PROVIDED ENTRIES>
*** Begin section ***

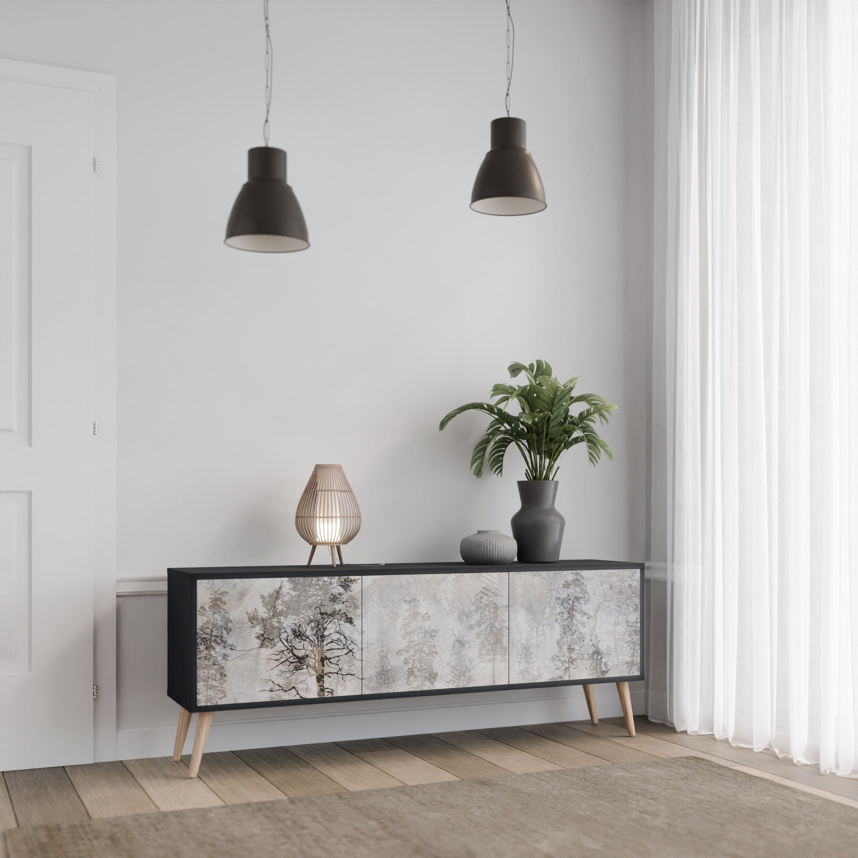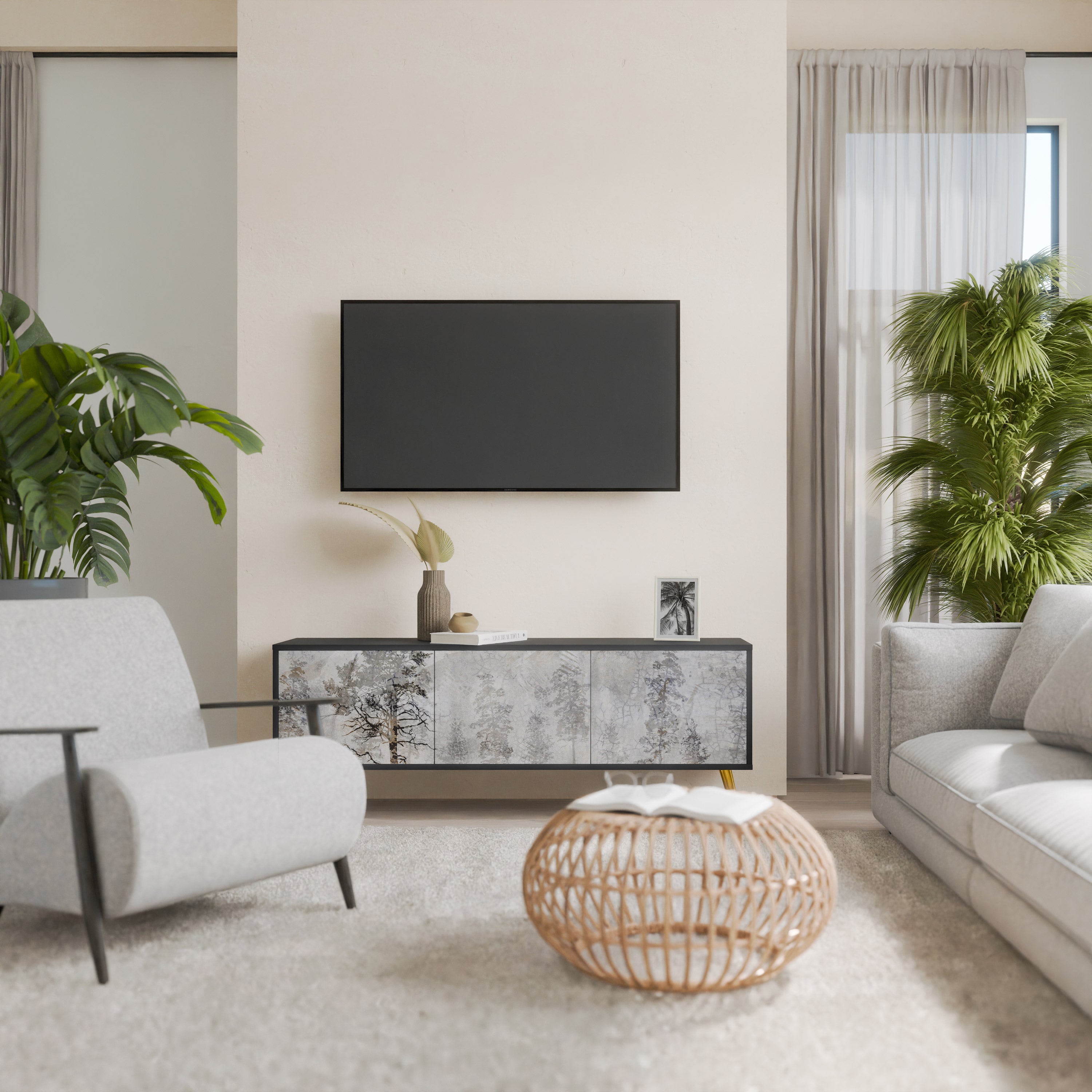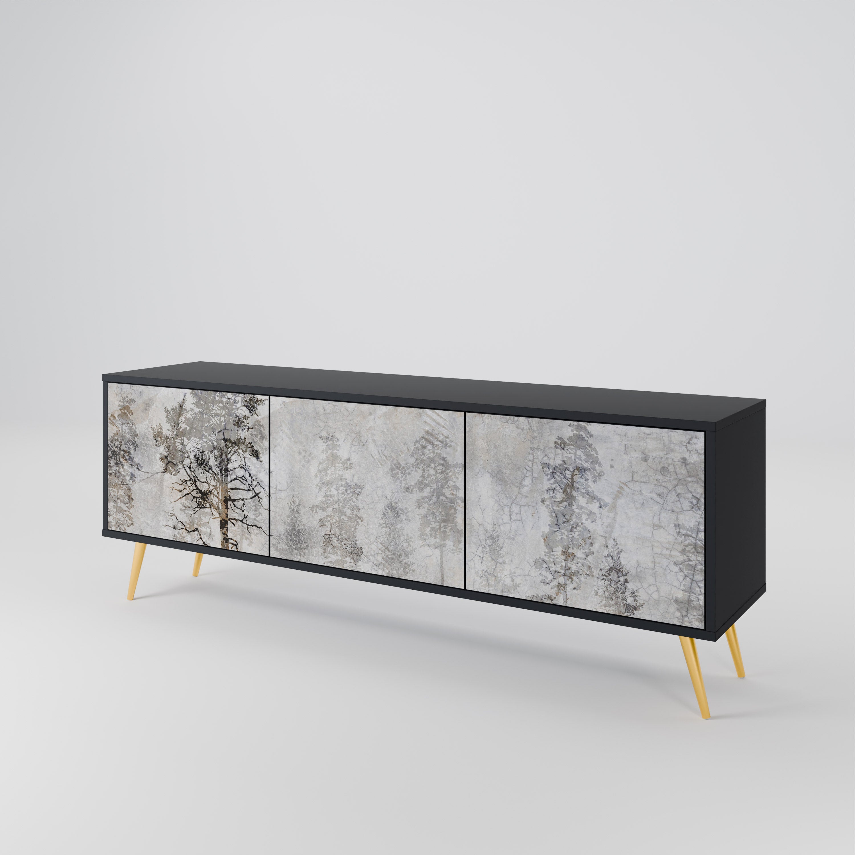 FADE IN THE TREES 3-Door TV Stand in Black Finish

*** End section ***
*** Begin section ***

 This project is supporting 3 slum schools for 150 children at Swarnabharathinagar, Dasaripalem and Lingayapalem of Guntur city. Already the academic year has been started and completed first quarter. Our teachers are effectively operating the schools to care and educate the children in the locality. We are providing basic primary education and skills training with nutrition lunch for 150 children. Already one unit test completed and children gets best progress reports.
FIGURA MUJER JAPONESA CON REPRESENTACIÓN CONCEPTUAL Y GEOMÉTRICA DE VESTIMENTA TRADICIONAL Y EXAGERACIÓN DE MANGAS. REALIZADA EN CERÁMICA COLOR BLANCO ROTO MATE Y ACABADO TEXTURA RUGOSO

*** End section ***

WHAT IS EXPECTED>
Would you please copy exactly the part of the entries above that begins at the line containing "This project is" and ends at the line containing "FIGURA MUJER JAPONESA", both lines included?

ANSWER>
 This project is supporting 3 slum schools for 150 children at Swarnabharathinagar, Dasaripalem and Lingayapalem of Guntur city. Already the academic year has been started and completed first quarter. Our teachers are effectively operating the schools to care and educate the children in the locality. We are providing basic primary education and skills training with nutrition lunch for 150 children. Already one unit test completed and children gets best progress reports.
FIGURA MUJER JAPONESA CON REPRESENTACIÓN CONCEPTUAL Y GEOMÉTRICA DE VESTIMENTA TRADICIONAL Y EXAGERACIÓN DE MANGAS. REALIZADA EN CERÁMICA COLOR BLANCO ROTO MATE Y ACABADO TEXTURA RUGOSO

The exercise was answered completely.